- _WHAT IS NEEDED_: Every line of the records below from the line with "关于拟将李茜等23名同志转为正式党员的公示" up to and including the line with "3.4. ACE Inhibitory" must be reproduced exactly, and no line outside that range.

- _EXTRACTED DATA_:
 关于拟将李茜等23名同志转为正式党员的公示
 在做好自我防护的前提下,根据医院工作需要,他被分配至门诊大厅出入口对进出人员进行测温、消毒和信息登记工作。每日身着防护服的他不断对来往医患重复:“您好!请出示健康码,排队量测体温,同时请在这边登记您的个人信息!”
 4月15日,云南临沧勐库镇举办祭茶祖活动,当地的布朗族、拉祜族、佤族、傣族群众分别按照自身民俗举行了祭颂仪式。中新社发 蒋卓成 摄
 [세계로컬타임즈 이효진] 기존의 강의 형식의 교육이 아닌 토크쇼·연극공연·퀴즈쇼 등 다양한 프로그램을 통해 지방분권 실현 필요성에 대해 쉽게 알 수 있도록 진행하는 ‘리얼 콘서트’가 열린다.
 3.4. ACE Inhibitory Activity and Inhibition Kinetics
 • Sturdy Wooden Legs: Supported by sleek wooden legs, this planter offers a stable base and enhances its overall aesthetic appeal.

...

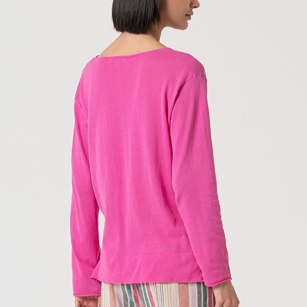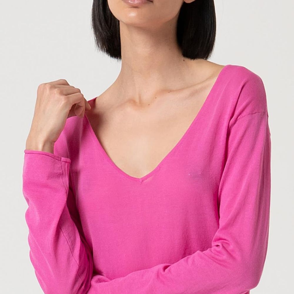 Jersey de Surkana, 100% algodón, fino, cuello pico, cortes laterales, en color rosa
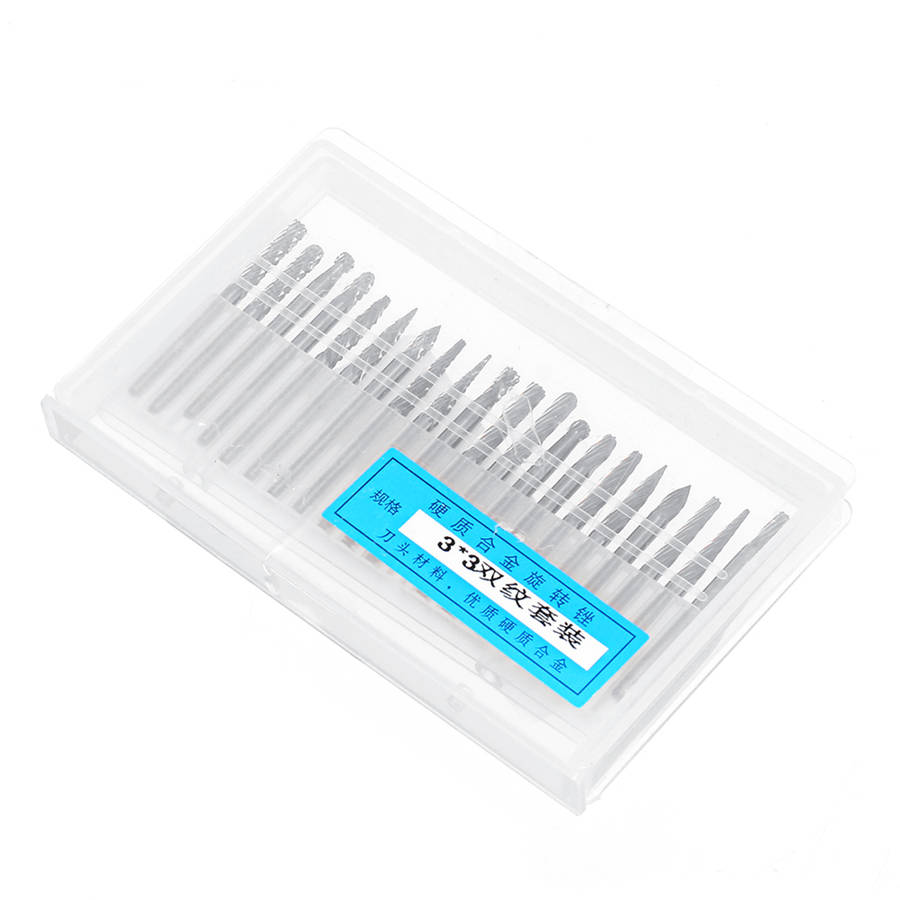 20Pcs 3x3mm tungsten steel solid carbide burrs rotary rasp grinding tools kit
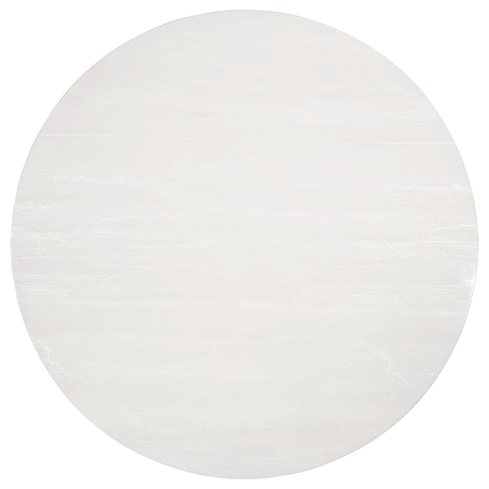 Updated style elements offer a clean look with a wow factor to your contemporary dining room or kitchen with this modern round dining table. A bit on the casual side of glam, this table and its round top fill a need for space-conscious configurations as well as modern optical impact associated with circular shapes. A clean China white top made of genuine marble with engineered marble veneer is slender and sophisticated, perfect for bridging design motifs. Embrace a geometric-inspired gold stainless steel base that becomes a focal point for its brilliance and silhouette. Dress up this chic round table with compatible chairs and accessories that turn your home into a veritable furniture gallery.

- _RESULT BELOW_:
 关于拟将李茜等23名同志转为正式党员的公示
 在做好自我防护的前提下,根据医院工作需要,他被分配至门诊大厅出入口对进出人员进行测温、消毒和信息登记工作。每日身着防护服的他不断对来往医患重复:“您好!请出示健康码,排队量测体温,同时请在这边登记您的个人信息!”
 4月15日,云南临沧勐库镇举办祭茶祖活动,当地的布朗族、拉祜族、佤族、傣族群众分别按照自身民俗举行了祭颂仪式。中新社发 蒋卓成 摄
 [세계로컬타임즈 이효진] 기존의 강의 형식의 교육이 아닌 토크쇼·연극공연·퀴즈쇼 등 다양한 프로그램을 통해 지방분권 실현 필요성에 대해 쉽게 알 수 있도록 진행하는 ‘리얼 콘서트’가 열린다.
 3.4. ACE Inhibitory Activity and Inhibition Kinetics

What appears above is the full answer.